I found coding at first a little difficult because in both winbugs and PYMC you make declarative statements and then the model is implemented with code that builds a computational graph. For me, it was not clear what was happening, so it made it difficult to implement something that was slightly different than the other examples. I think my code works now. I did another model with time and was able to use a complementary log-log link to adjust for differential follow-up times, and match the published results. Also, the summary statistics and distribution plots and traces look good.

Thank you for your comments and advice. I was looking for some help for avoiding doing things that don’t make any sense. Your advice on not overusing deterministic variables was the type of advice I was looking for.

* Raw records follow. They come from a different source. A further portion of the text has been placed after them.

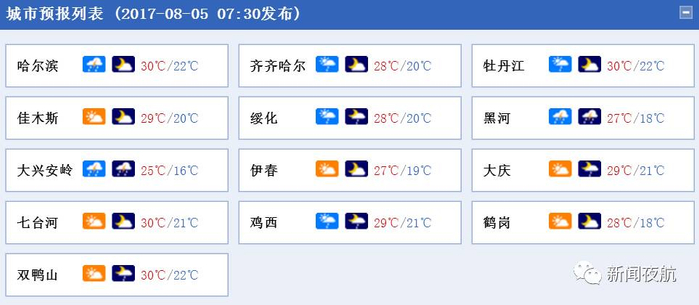 5日白天最高气温:齐齐哈尔南部、绥化、大庆、哈尔滨、牡丹江(28-30)℃,其他地区(26-28)℃。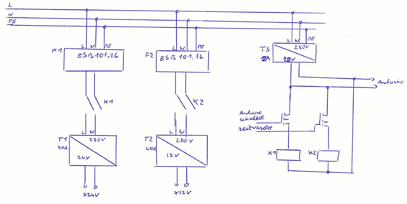 Hallo Leute, für einen Roboter, an dem ich herumbastele, brauche ich eine Stromversorgung, genauer: 12V und 24V. Dazu habe ich mir die folgenden Netzteile gedacht (noch nicht besorgt!) https://www.reichelt.de/schaltnetzteil-geschlossen-960-w-24-v-40-a-mw-rsp-1000-24-p147932.html https://www.reichelt.de/schaltnetzteil-geschlossen-450-w-12-v-37-5-a-mw-hrpg-450-12-p148034.html Die zur Verfügung gestellte Leistung werde ich derzeit noch lange nicht abrufen, aber ich will vorausplanen und nicht später Netzteile nachkaufen ;-) Der Einschaltstrom von 40A bzw. 70A würde allerdings sicherlich meinen B10 Haus-Automaten auslösen. Den Automaten kann, darf und will ich nicht wechseln! Es bleibt also nur eine Einschaltstrombegrenzung übrig. Dazu habe ich mir diese rausgesucht, die angeblich besonders für kapazitive Lasten (a.k.a. Schaltnetzteile) geeignet sein soll: http://camtec-netzteile.de/data-12/1/camtec_esb101_e062016-02-2.pdf Der ESB101.16 soll den Einschaltstrom auf 16A begrenzen uns ist ab B4 Automat geeignet, sollte also passen. Allerdings sind beim ESB101 maximale Kapazitäten angegeben, die von der nachgeschalteten Schaltung nicht überschritten werden dürfen. In den Datenblättern der MeanWell Netzteile findet sich eine solche Angabe jedoch leider nicht. Daher meine Frage an Euch: Hättet Ihr Bedenken, die Kombination so wie auf dem Bild gezeigt zu verwenden? Ich danke für Eure Hilfe. Grüße x12z34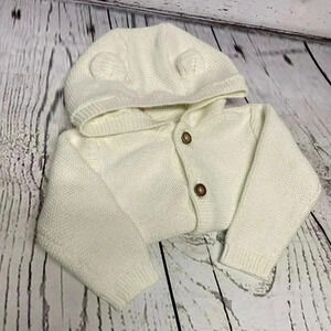 Keep your little one cozy and stylish with this Carter's Just One You sweater. The white cardigan features a solid pattern with a hood and long sleeves, perfect for travel or casual occasions. The button closure and unisex design make it a versatile addition to any baby's wardrobe.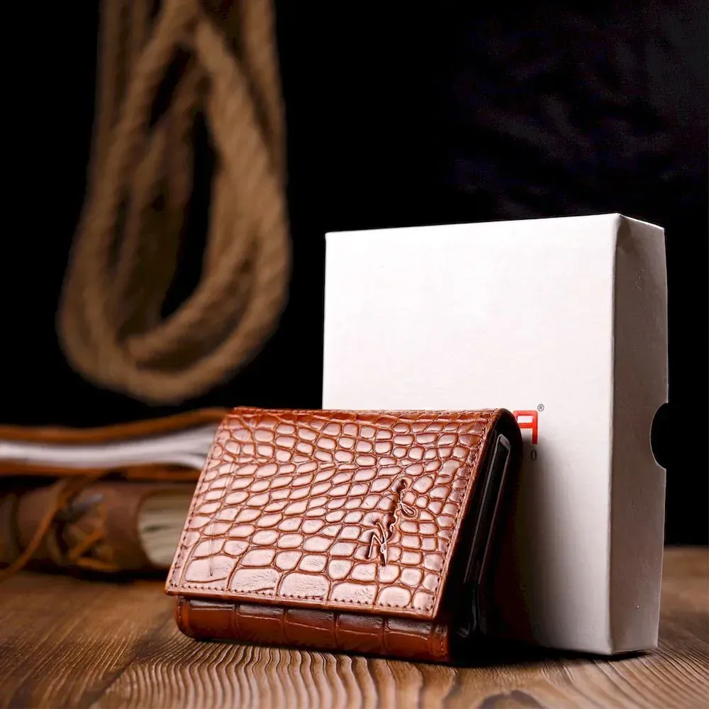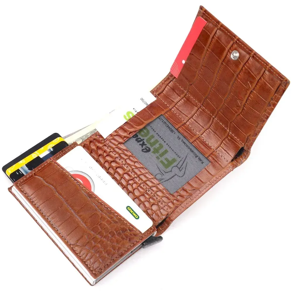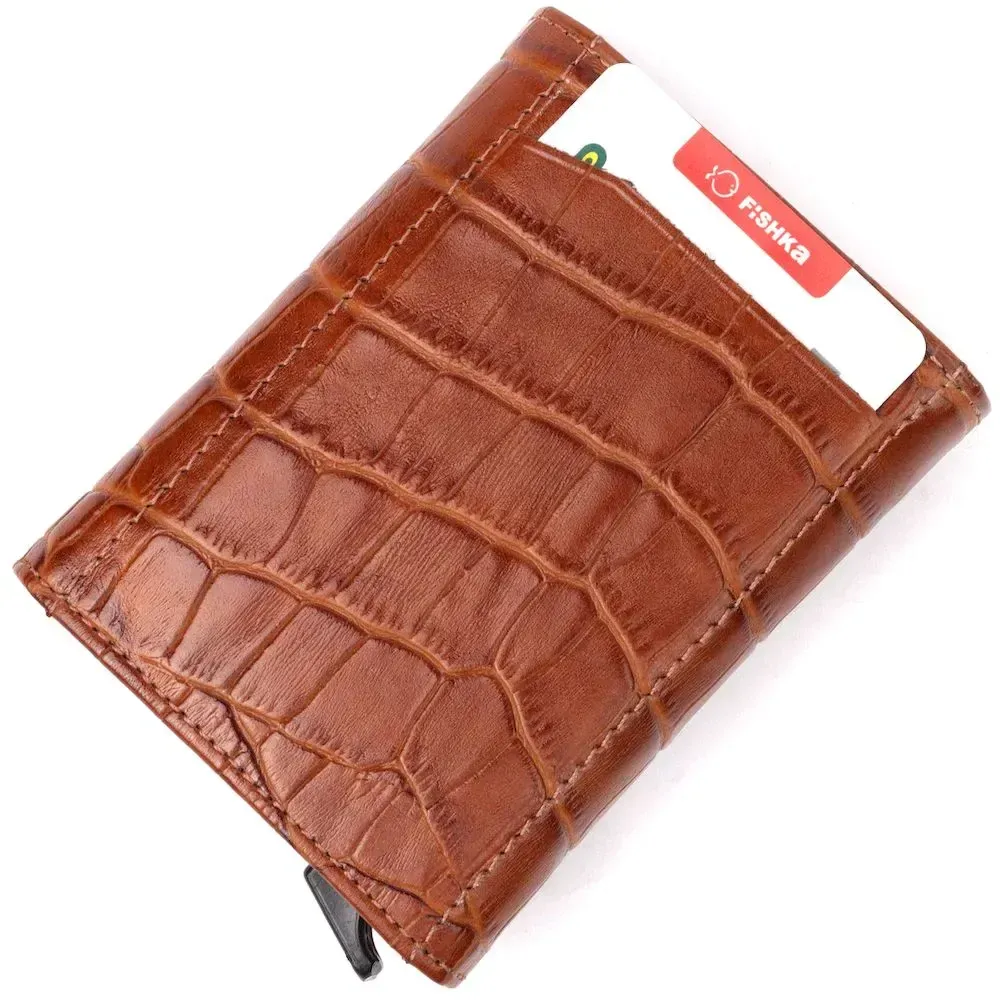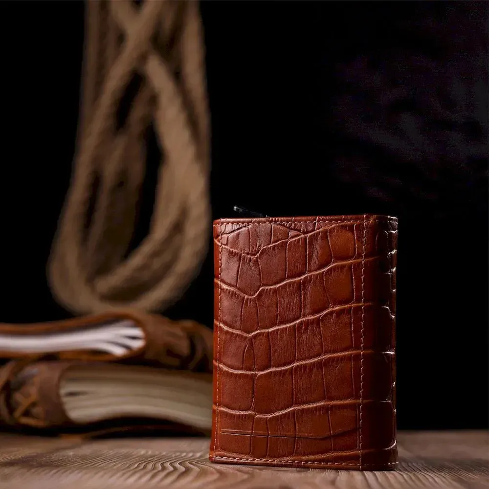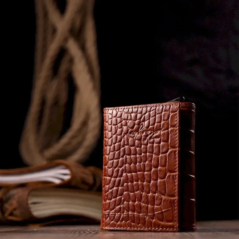 Відмінний картхолдер коричневого кольору з натуральної шкіри, з тисненням під крокодила, призначений для зберігання банківських і дисконтних карток і невеликої кількості готівки. Має лаконічний дизайн, відмінно лягає в руку, поміщається в кишеню, а також будь-яку сумку. Шкіра м'яка, приємна на дотик. Механізм працює надійно та зручний у використанні; картки добре закріплені в аксесуарі. Відмінна ідея для подарунка близькій людині.

To understand what happens under the hood, this may help: PyMC and PyTensor — PyMC 5.13.1 documentation

You are basically building the computational graph in real time, instead of it being parsed from a text file like it is in bugs/stan. The nice thing is you can also introspect it / parts of it yourself

Thanks. I looked at the site earlier and tried the examples. I also found a youtube video that you did to speed up matrix multiplication. Both are very good. However, to me it mostly let me know that things were happening that I didn’t understand and was not in control of. I decided to plow my way through and hope that things would work out. So far so good.

Being able to inspect using “eval” was helpful in getting the shapes right. With the winbugs code they also do a lot of things in the model probably because it his harder to get to the samples out. With PYMC much of this code could be run after the basic model is estimated.